*Problem to work on*: From the line containing "Vintage Johnson Matthey" to the last line of the data below, copy everything exactly and nothing else; pictures stay out.

*Data shown*:
--- START ---

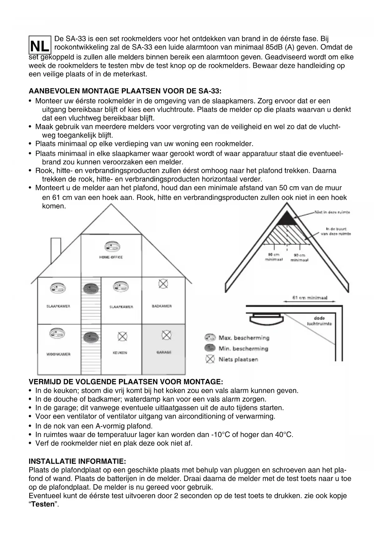 SA-33 Rookmelders voor gebruik in huiselijke omgeving Détecteur de fumée pour l’usage dans l’entourage domestique Rauchmelder zum Gebrauch im Heimbereich Detector de humo para uso en el hogar Interlinkable Brancher plusieurs Koppelbar EnlazadosDe SA-33 is een set rookmelders voor het ontdekken van brand in de éérste fase. Bij rookontwikkeling zal de SA-33 een luide alarmtoon van minimaal 85dB (A) geven. Omdat de set gekoppeld is zullen alle melders binnen bereik een alarmtoon geven. Geadviseerd wordt om elke week de rookmelders te testen mbv de test knop op de rookmelders. Bewaar deze handleiding op een veilige plaats of in de meterkast. AANBEVOLEN MONTAGE PLAATSEN VOOR DE SA-33:
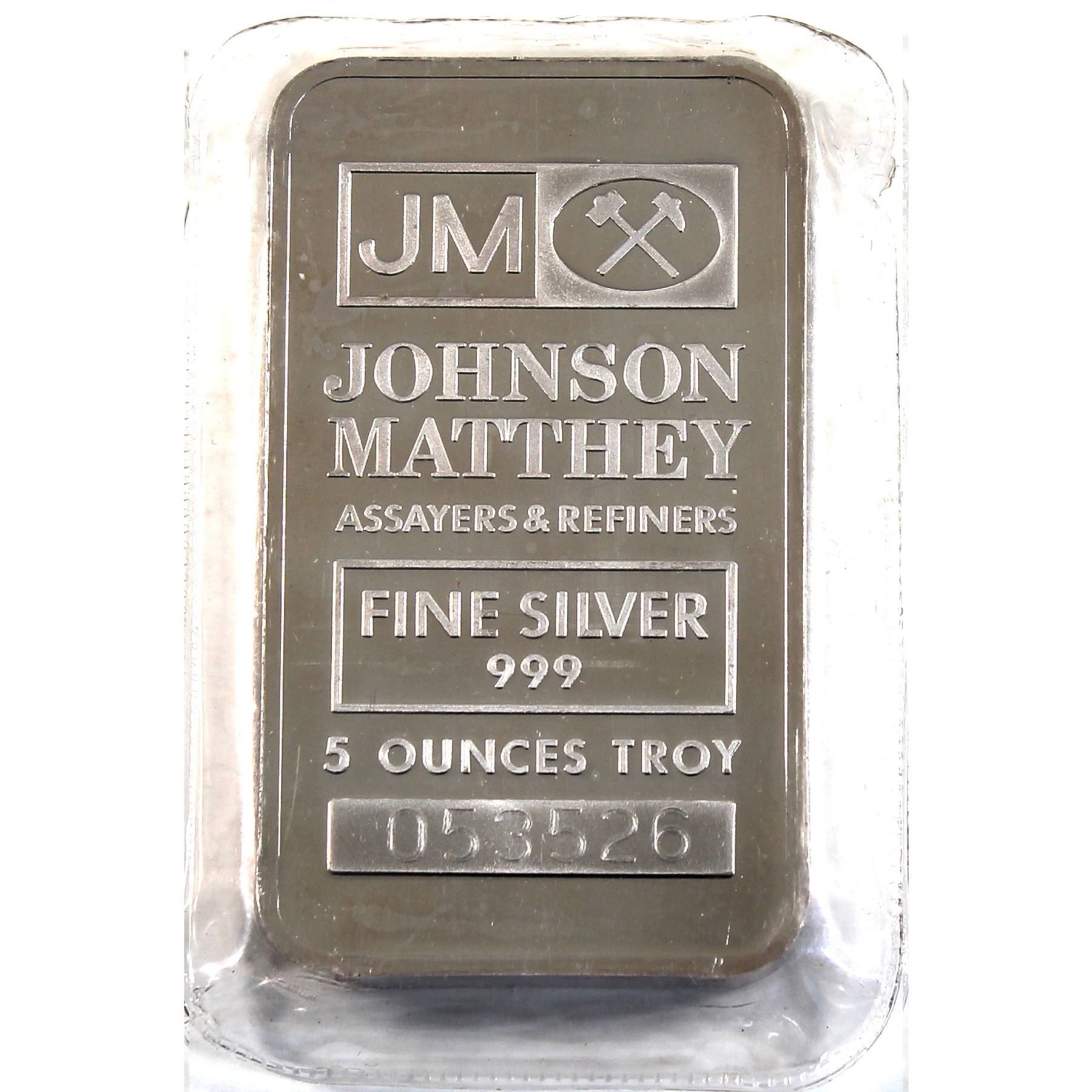 Vintage Johnson Matthey 5oz Fine Silver Bar with 'JM' logo Reverse (TAX Exempt). Serial #053526.
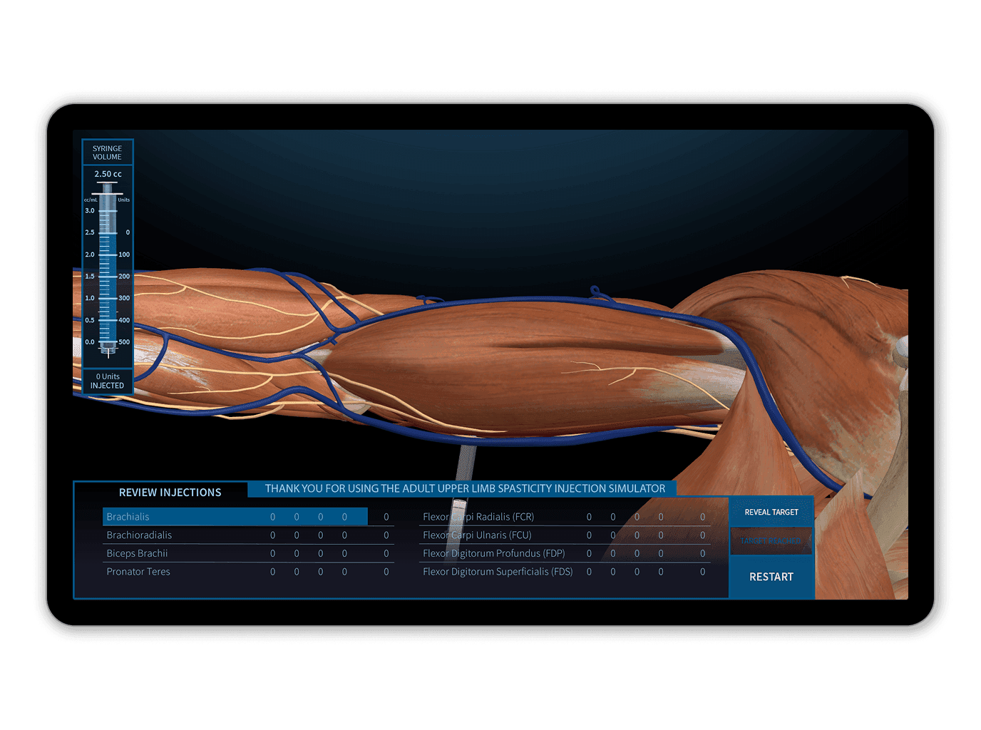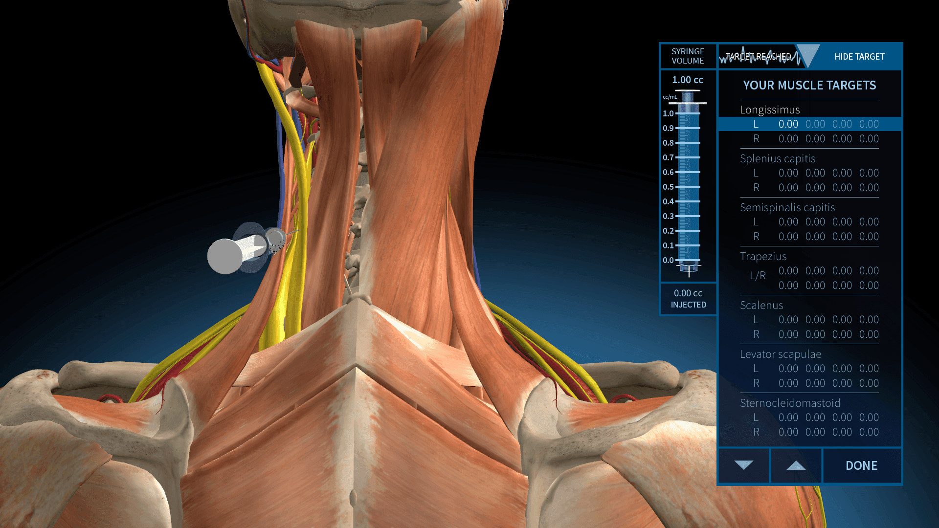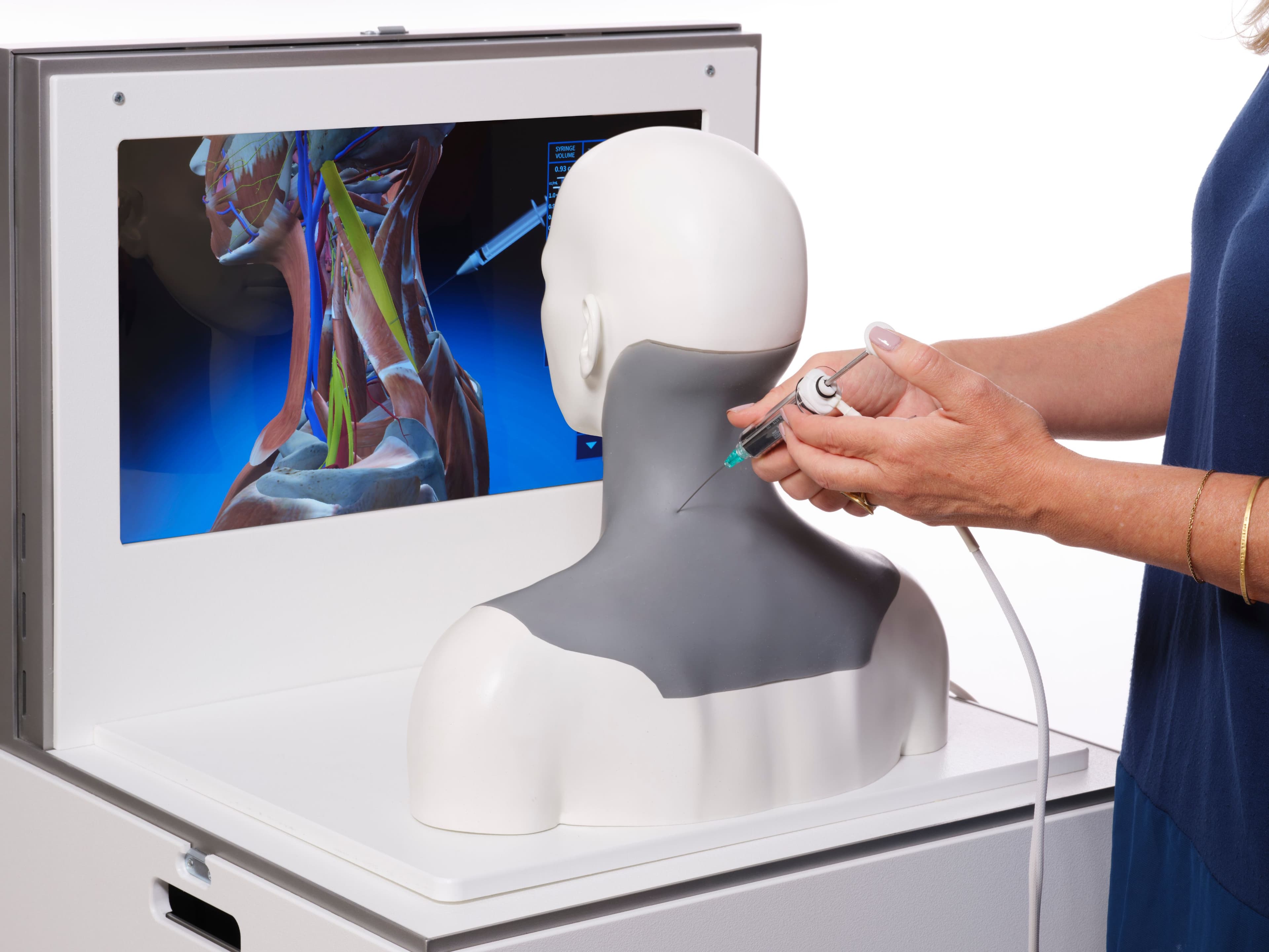 The AR version of the simulator uses a custom, touch-sensitive syringe that interfaces with a tablet to guide practitioners with the same precise placement and dosing information as the mannequin model. AR technology lets users “practice” on actual bodies by revealing internal musculature and vascular structures.

--- END ---

*Response*:
 Vintage Johnson Matthey 5oz Fine Silver Bar with 'JM' logo Reverse (TAX Exempt). Serial #053526.
 The AR version of the simulator uses a custom, touch-sensitive syringe that interfaces with a tablet to guide practitioners with the same precise placement and dosing information as the mannequin model. AR technology lets users “practice” on actual bodies by revealing internal musculature and vascular structures.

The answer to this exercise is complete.